So, inflation has gone down further to 1.3% for the year to September 2016 from 1.7% in the first quarter of 2016. This is against the RBA’s target rate of 2-3% and all the economic boffins are turning their eyes toward the Reserve Bank guessing as to whether Governor Philip Lowe will reduce interest rates further to 1.25% on Cup Day.
Why do they bother? None of the past half dozen or so rate reductions have stimulated spending. Neither will another rate cut. RBA governor, Philip Lowe has already suggested that reducing rates has run its course and some form of fiscal stimulus is necessary.
What rate reductions have done is inflate housing prices. That is not what they were intended to do. So, now we have the usual suspects (the wealthy) being the beneficiaries of a housing boom while those who most need to buy a house lose out, or place themselves at financial risk by borrowing beyond their capacity to repay.
So, why is inflation so low? The short answer is people are not spending enough to generate increased sales growth that will convince businesses to invest and thus stimulate employment. Sales are the lifeblood of an economy. The 3% GDP growth experienced over the past year has come, not from increased sales, but on the back of government spending.
So who is responsible for scaring people enough to stop them spending? Firstly, it was Joe Hockey and Tony Abbott. Now it is Scott Morrison and Malcolm Turnbull.
People will not spend when they are convinced, as they have been by this government, that the economy is tanking, that we must live within our means, that we have a spending problem, that we must reduce the debt or go broke. That false debt-scare has frightened everyone to such a degree that they have resorted to paying down debt and/or saving.
But here’s the thing about our national debt. We know the government recovers an equivalent amount of currency in circulation (a pre-existing government liability) in exchange for the issuance of Commonwealth Government Securities, i.e. security ‘paper’ – but the transaction is recorded on national fiscal balance sheets as an increase in government liabilities.
When that same transaction is recorded on the private investor’s balance sheet with the RBA, the purchase of that ‘security’ is recorded as:
1) A reduction in available ‘Current assets’ equal to the amount of money withdrawn to pay the purchase cost of the purchased bonds;
2) An increased in the value of long term ‘Investments’ held – of an equal amount to the reduction recorded in ‘current assets’.

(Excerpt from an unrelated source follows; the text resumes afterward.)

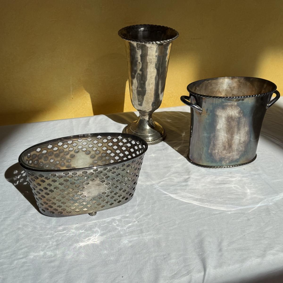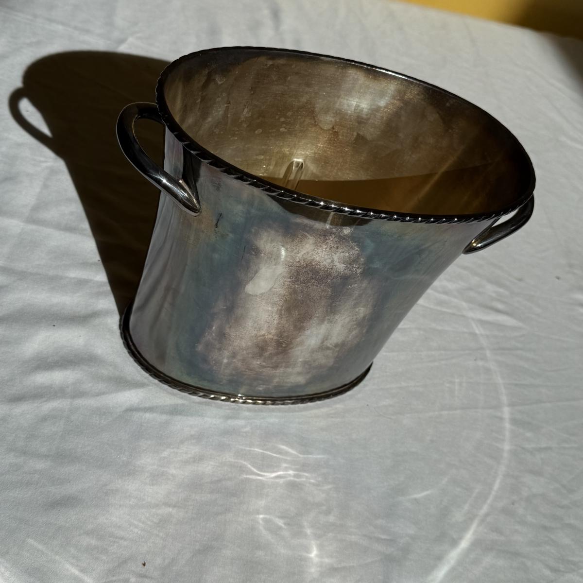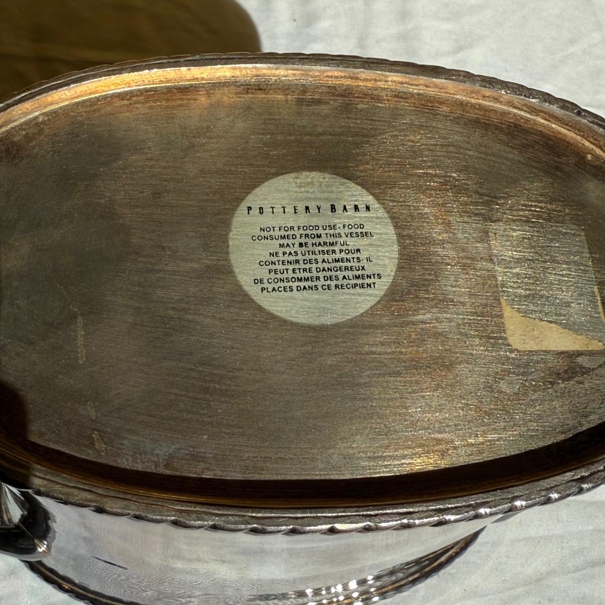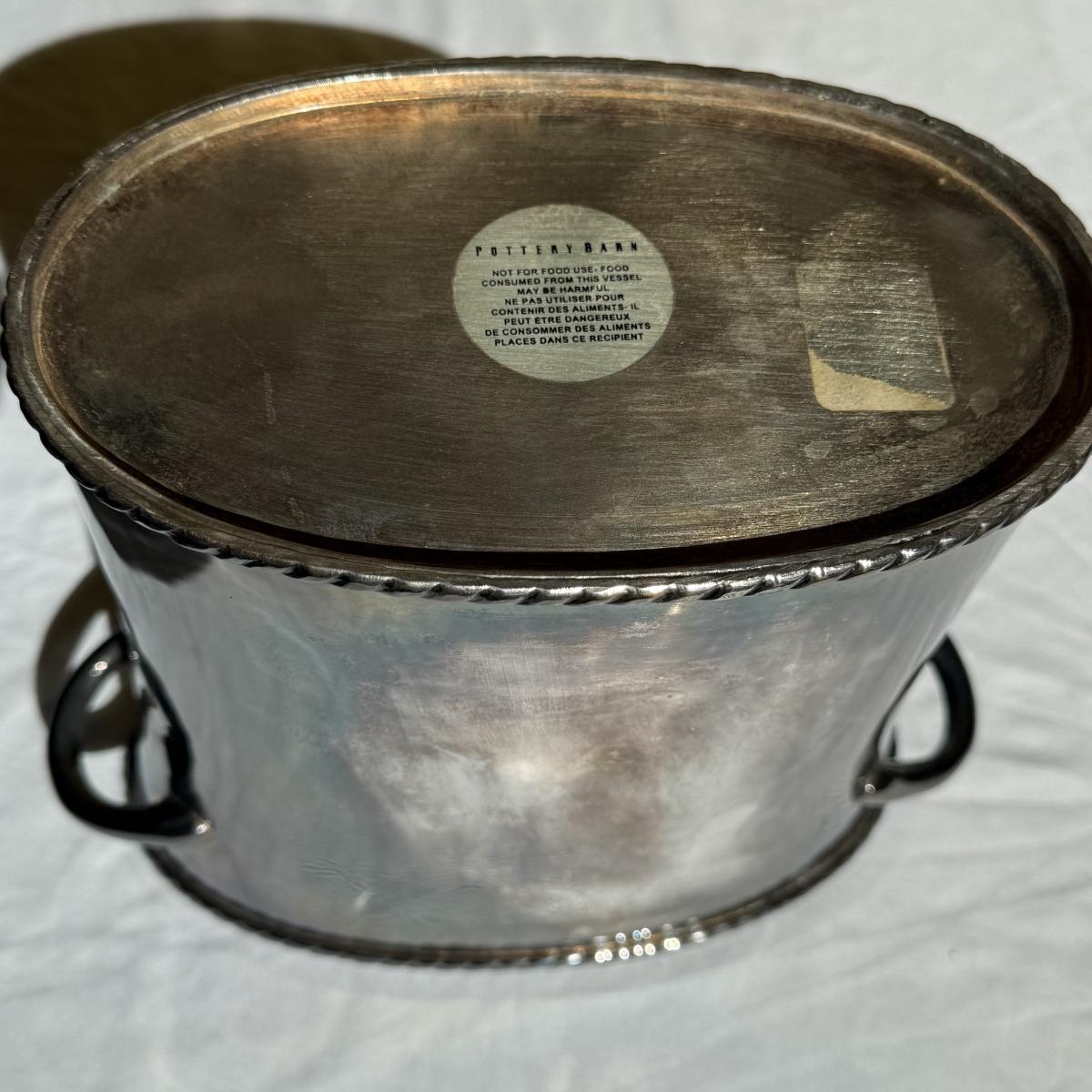 This lot contains three items all of which are different metal vessels that could be used at vases. This first is a pottery barn what appears to be silver plated oval vase. It measures 7.5” x 4.5” at the base and 8”H. Spot test seems to prove that tarnish could be removed with polish, see pictures for details. Next is an Andrea by Sadek what appears to be silver plated trophy style vase. It has a 5”D at the base, a 6”D at the mouth and stands 11.5”H. Again, spot test seems to prove that tarnish could be removed with polish. Last is another oval, what appears to be silver plated vessel that stands on four feet and is lined with another glass vessel. It measures 10” x 5.5” at the mouth and stands 5.5”H.

In other words, the transaction, at the time of purchase, represents a transfer of money from a readily convertible ‘liquid’ form (cash) to an (interest earning) not so readily convertible investment form (security contract).
At that instant in time, there has been no increase in the net wealth of the investor, though ‘interest’ dividends will be received per agreed investment terms. The interest paid on the bonds is a Reserve Bank transaction, not a fiscal one. That interest should not be a budgetary consideration.
This is what we call our national debt. Yet this government won office in 2013 on the back of a giant scare tactic, saying that our economy was going down the toilet; that we had to balance the budget and pay down debt. In fact, they are still doing it.
So now, through their own ignorance, they are reaping what they have sown. They have frightened the community so well that any growth recorded is the product of the very thing they are trying to reduce… their own spending. In soccer parlance, I think that’s called an ‘own goal’.
If you doubt that our national debt is a myth, that all government spending is new money, that taxes withdraw money from circulation AFTER it has been spent into existence by the government, consider the contradiction of the fiscal balance sheet liability when juxtaposed upon the RBA transactions that simply swap one account across to another and credit interest as agreed.
When one views the transaction this way, it is easier to see how our national debt (so-called) is a myth; one can see that bond sales do not fund government spending. The money received in exchange for the bonds remains in an account at the RBA on behalf of the investor.
The commercial accounting condition that every asset has a corresponding liability is not being applied to federal government accounts. One can see that the entry of the bond sale revenue onto the fiscal balance sheet as a liability only, is false accounting.
This has been written in collaboration with John Bloomfield.